**What to work on**
Scan the data for "black" and copy each matching line.
▼
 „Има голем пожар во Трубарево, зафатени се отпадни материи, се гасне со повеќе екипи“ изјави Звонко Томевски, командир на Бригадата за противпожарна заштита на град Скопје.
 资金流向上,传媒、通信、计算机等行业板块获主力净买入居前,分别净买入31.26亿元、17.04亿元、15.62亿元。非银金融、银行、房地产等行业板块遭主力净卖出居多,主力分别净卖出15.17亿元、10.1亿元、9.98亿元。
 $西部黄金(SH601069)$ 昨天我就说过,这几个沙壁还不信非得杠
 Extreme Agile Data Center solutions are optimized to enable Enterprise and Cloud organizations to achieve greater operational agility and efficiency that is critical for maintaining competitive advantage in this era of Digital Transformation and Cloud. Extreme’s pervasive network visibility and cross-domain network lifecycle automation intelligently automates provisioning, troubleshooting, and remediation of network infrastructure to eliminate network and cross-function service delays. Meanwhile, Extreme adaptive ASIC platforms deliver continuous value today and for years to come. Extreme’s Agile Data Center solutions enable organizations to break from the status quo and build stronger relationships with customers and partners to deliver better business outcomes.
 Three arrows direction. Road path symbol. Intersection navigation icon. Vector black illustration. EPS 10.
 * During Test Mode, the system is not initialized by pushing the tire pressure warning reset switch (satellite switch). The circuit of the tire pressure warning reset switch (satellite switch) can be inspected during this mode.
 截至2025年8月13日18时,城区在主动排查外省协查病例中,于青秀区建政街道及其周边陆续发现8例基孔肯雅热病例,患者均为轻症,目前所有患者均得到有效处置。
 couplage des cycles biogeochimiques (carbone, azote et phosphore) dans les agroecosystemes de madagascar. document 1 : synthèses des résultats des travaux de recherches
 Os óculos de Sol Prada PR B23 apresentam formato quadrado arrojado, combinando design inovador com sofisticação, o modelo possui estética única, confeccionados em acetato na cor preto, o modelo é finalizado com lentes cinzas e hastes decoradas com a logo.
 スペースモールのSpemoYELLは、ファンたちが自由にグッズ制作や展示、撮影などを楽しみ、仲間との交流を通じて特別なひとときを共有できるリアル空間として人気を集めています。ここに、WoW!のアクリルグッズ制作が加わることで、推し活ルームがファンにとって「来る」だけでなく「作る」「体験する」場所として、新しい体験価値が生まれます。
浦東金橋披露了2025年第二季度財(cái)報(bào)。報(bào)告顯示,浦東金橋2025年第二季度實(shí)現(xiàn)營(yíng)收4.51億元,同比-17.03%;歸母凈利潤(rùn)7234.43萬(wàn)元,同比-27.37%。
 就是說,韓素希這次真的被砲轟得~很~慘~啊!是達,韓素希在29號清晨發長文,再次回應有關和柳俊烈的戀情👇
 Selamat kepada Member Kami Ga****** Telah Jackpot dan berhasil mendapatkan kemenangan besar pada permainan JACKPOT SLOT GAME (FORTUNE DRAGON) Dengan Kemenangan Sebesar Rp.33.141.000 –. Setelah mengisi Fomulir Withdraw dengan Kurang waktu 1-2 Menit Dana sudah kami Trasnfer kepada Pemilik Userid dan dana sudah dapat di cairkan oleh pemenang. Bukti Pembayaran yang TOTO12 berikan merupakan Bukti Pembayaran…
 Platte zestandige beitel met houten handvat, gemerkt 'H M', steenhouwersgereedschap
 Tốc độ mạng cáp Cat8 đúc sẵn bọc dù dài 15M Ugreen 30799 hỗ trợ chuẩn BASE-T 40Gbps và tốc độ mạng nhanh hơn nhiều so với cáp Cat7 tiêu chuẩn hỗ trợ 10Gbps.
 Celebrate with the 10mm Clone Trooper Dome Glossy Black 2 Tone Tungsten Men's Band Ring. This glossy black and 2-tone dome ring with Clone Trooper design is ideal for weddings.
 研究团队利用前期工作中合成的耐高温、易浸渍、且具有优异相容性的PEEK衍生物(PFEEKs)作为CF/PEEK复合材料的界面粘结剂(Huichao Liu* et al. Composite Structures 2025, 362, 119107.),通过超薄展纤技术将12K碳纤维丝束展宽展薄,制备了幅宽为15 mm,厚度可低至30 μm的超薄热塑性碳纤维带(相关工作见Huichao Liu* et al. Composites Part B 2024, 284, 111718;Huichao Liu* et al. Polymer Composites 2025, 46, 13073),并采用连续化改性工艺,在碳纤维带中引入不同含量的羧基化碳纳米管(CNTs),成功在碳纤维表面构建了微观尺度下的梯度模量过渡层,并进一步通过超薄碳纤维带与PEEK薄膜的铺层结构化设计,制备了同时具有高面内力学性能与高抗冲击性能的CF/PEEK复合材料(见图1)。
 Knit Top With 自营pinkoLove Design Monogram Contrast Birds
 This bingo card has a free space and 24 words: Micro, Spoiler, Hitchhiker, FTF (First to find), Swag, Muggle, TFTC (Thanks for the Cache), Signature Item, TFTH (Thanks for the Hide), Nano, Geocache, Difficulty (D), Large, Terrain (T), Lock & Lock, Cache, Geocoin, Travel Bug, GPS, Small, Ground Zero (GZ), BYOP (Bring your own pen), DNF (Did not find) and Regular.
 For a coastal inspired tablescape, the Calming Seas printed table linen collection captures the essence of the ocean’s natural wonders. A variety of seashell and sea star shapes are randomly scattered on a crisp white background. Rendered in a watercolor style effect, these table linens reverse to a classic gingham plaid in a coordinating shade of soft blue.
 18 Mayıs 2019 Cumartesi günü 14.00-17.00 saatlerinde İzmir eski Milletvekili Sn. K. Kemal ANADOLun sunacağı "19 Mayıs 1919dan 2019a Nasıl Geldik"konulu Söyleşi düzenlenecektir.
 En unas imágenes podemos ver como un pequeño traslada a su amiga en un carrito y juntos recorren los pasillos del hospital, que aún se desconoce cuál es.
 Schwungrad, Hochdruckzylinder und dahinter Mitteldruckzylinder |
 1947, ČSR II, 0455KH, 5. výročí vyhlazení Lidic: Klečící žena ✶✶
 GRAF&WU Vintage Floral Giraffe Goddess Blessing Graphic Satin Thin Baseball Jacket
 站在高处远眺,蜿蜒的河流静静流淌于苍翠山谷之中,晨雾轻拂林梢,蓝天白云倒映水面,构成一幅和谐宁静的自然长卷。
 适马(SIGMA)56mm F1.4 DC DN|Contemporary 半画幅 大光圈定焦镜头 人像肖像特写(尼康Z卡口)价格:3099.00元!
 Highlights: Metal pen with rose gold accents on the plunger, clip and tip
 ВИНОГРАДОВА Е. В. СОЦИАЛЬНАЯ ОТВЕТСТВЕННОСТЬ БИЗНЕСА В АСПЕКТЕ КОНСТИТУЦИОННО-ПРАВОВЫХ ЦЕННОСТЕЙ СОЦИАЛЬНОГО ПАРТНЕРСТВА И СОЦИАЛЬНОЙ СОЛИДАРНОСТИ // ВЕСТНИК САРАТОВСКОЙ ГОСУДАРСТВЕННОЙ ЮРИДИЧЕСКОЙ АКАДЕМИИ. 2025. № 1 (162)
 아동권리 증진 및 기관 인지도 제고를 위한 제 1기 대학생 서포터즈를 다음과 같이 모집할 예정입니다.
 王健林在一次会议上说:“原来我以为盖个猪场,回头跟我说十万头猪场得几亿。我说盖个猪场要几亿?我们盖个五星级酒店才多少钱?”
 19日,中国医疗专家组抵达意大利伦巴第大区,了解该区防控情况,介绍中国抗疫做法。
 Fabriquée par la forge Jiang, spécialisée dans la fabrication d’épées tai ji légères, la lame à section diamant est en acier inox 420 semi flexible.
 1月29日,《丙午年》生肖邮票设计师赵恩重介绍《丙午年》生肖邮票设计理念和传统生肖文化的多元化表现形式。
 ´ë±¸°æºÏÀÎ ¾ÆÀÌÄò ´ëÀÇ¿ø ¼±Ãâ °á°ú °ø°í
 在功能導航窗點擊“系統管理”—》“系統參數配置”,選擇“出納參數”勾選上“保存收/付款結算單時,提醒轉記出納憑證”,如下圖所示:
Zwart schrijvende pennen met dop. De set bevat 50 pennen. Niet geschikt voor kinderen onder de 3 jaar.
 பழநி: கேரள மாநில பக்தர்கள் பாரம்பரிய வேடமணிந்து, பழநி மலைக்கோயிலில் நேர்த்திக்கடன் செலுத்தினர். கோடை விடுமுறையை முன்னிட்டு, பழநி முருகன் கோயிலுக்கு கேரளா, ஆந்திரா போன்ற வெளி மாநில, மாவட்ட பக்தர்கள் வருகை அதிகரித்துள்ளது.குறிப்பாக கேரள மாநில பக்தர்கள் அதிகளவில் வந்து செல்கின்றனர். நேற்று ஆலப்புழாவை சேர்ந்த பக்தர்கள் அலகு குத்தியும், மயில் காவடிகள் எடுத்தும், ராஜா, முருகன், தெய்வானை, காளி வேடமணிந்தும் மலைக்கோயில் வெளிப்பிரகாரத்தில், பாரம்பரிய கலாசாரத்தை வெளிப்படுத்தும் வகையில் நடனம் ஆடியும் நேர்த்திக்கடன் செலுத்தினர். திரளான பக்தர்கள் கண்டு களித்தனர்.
▲
**Solution for this problem**
 Three arrows direction. Road path symbol. Intersection navigation icon. Vector black illustration. EPS 10.
 Celebrate with the 10mm Clone Trooper Dome Glossy Black 2 Tone Tungsten Men's Band Ring. This glossy black and 2-tone dome ring with Clone Trooper design is ideal for weddings.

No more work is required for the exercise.